Qué más
quisiéramos sino que hubiesen transcurrido las fiestas del Santo Niño lo más
lucidas posible. Es muy difícil que eso pueda ser; sería rozar los límites de
la perfección y de eso todavía estamos a cierta distancia. Luces y sombras es
lo nuestro, y en estos días de fiesta las luces se han hecho notar mucho más
que las sombras, pero también las han habido y de algunas de ellas quizá
tendremos que dar cuenta con la sana intención de que sean corregidas en lo
sucesivo, de procurar al menos ponerles remedio.

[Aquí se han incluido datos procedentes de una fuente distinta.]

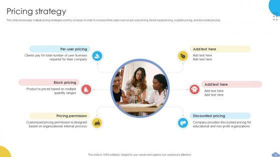 This slide showcases multiple pricing strategies used by company in order to increase their sales such as per-user pricing, tiered-based pricing, scalable pricing, and discounted pricing. Do you have an important presentation coming up Are you looking for something that will make your presentation stand out from the rest Look no further than Pricing Strategy Cloud Based CRM Business Model BMC SS V. With our professional designs, you can trust that your presentation will pop and make delivering it a smooth process. And with Slidegeeks, you can trust that your presentation will be unique and memorable. So why wait Grab Pricing Strategy Cloud Based CRM Business Model BMC SS V today and make your presentation stand out from the rest This slide showcases multiple pricing strategies used by company in order to increase their sales such as per-user pricing, tiered-based pricing, scalable pricing, and discounted pricing.

Ha sido tal vez una de las fiestas que
han contado con un mayor número de asistentes. Creo que la iglesia nunca ha
estado tan llena de público como lo estuvo en la misa del día dieciséis. El
reencuentro con tantos conocidos de otro tiempo, amigos en buena parte, es uno
de los más sustanciosos y apetecibles ingredientes que integran el cóctel de
unas buenas fiestas, que sin duda los ha habido de manera abundante, con el
general pláceme de ese importante grupo, cada vez menos numeroso, de los que
peinamos canas, a quienes de un modo injusto nos gusta comparar nuestras
fiestas de hoy con las de lejanos tiempos, con las fiestas de nuestra juventud
condicionadas por la escasez de medios, pero ilusionados por la belleza incomparable
de los quince o de los dieciocho años. Eso es así, y así lo seguirá siendo
mientras el mundo exista, o mejor aún, mientras que nuestro pueblo exista, si
todos, cada cual según sus capacidades nos imponemos el deber de arrimar el
hombro.
Comenzaron las fiestas de un modo
oficial con el pasacalles de la banda de música de Villamayor de Santiago;
continuaron aquella misma noche con el “pegón de fiestas” a cargo del sacerdote
titular de nuestra iglesia, don Daniel Jiménez, una hermosa disertación: sencilla,
profunda en contenido y ajustada en el tiempo, que el escaso público asistente
-como va siendo costumbre- aplaudimos con entusiasmo, así como las emocionadas
palabras de Pablo, el joven alcalde del pueblo, quien recibió la unánime prueba
de afecto de los que nos encontrábamos allí. Y después “la Salve” a Nuestra
Señora de la Asunción, titular de esta iglesia; para concluir estos primeros
actos con los clásicos “fuegos artificiales” que, pese a lo difícil que debe de
ser para los pirotécnicos, aportaron algo de novedad, cosa siempre digna de elogio.
Y a la una de la madrugada del día siguiente continuaba la fiesta con baile en
la plaza a cargo de la orquesta “Show Maxims” (hora ideal para los
trasnochadores), acontecimiento festivo de primer orden, al que no se me
ocurrió asistir a tan altas horas, y del que todo el mundo cuenta maravillas.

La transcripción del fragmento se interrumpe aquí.